What the task requires:
Using the data beneath this instruction, retype only the lines from the one that contains "Jütlandring 14.36 Uhr" down to the one that contains "虫小小 圣诞苹果印花圆领拉毛加绒长袖T恤女休闲内搭打底秋冬A92E", both included, exactly as they appear.

Data to use:
-- -- --
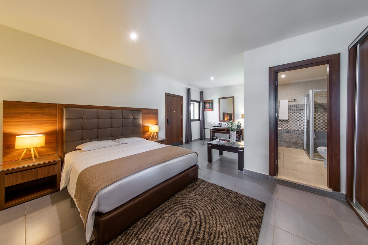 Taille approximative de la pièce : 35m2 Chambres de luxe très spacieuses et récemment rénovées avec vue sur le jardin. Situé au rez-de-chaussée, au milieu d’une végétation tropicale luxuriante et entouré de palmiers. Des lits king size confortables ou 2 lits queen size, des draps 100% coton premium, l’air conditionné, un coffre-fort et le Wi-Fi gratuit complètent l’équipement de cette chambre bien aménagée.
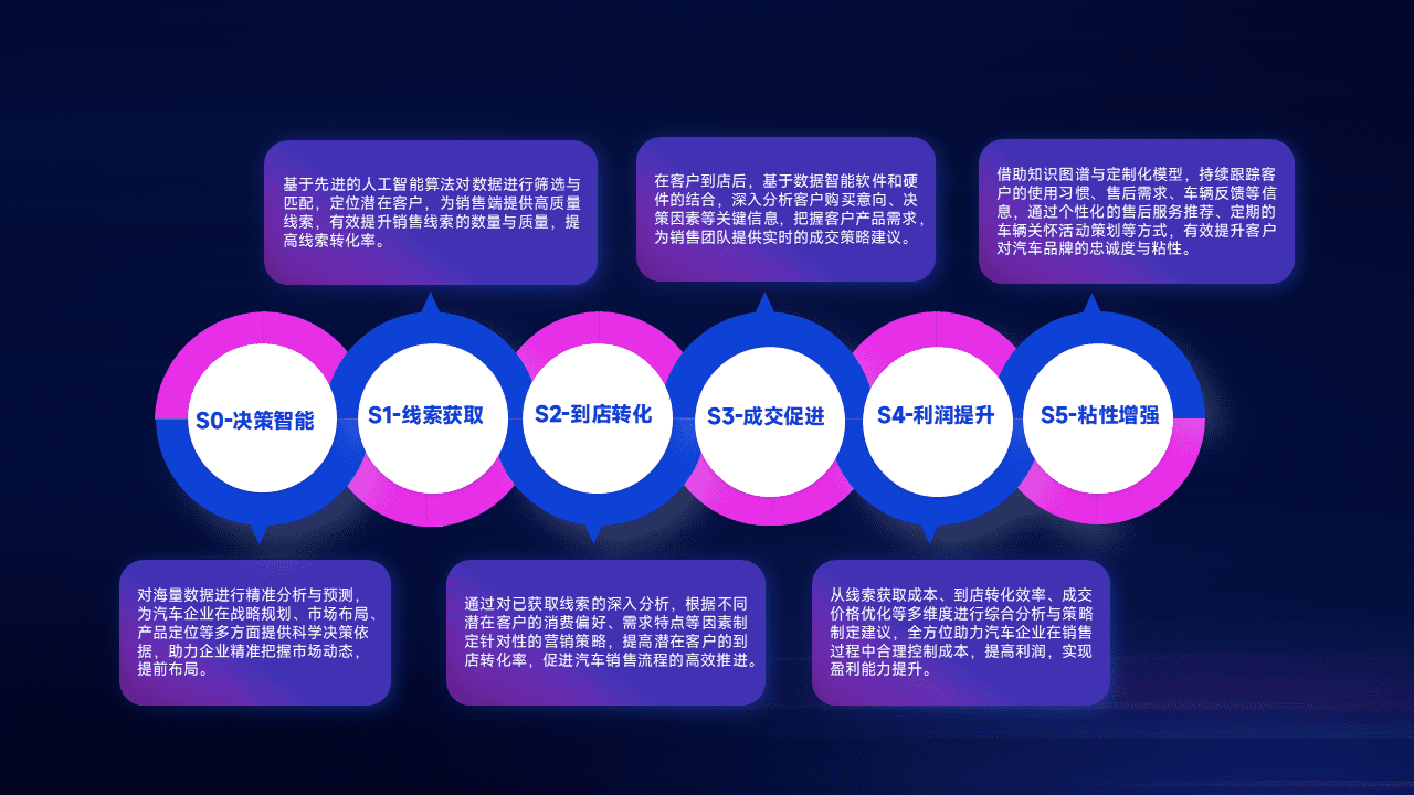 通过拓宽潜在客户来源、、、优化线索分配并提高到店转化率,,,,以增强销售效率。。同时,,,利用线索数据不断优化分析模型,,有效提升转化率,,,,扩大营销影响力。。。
-- -- --
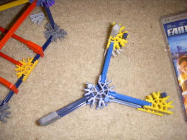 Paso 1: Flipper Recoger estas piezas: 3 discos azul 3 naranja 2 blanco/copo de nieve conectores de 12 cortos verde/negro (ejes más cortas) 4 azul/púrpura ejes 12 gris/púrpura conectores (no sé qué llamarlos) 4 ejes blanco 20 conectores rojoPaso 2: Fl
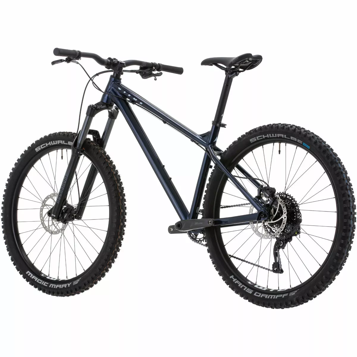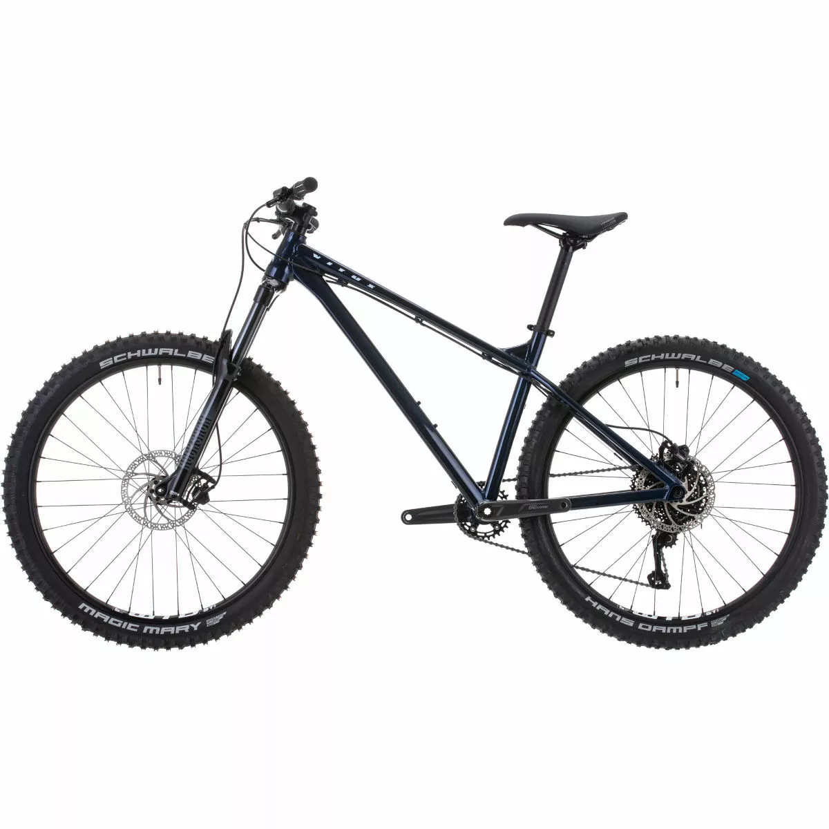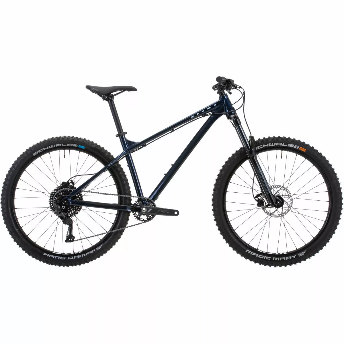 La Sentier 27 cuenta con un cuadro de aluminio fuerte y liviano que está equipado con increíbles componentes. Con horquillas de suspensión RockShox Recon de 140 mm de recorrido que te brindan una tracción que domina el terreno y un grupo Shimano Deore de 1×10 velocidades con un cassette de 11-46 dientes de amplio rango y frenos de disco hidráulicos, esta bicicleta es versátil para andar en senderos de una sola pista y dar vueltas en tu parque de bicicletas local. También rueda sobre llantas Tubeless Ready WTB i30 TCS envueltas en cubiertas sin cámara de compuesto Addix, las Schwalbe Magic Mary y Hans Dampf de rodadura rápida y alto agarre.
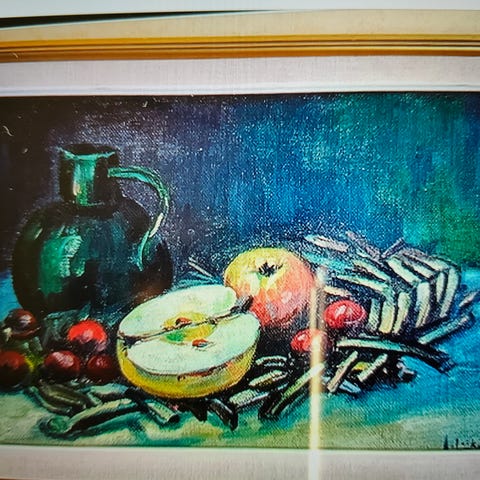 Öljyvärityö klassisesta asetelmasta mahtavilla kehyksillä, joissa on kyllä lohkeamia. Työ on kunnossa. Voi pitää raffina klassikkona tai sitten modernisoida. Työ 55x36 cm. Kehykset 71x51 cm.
-- -- --
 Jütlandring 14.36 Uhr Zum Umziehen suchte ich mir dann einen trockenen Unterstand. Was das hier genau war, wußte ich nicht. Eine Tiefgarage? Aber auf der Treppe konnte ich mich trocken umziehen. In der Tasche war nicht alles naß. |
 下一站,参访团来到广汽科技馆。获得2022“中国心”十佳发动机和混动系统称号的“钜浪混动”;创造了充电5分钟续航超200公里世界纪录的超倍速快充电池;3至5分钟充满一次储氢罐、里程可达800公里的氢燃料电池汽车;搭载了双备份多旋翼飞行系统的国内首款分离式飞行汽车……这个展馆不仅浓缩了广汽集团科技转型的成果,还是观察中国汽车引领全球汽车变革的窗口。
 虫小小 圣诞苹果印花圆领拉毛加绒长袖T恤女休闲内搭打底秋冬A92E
-- -- --
The completed task:
 Jütlandring 14.36 Uhr Zum Umziehen suchte ich mir dann einen trockenen Unterstand. Was das hier genau war, wußte ich nicht. Eine Tiefgarage? Aber auf der Treppe konnte ich mich trocken umziehen. In der Tasche war nicht alles naß. |
 下一站,参访团来到广汽科技馆。获得2022“中国心”十佳发动机和混动系统称号的“钜浪混动”;创造了充电5分钟续航超200公里世界纪录的超倍速快充电池;3至5分钟充满一次储氢罐、里程可达800公里的氢燃料电池汽车;搭载了双备份多旋翼飞行系统的国内首款分离式飞行汽车……这个展馆不仅浓缩了广汽集团科技转型的成果,还是观察中国汽车引领全球汽车变革的窗口。
 虫小小 圣诞苹果印花圆领拉毛加绒长袖T恤女休闲内搭打底秋冬A92E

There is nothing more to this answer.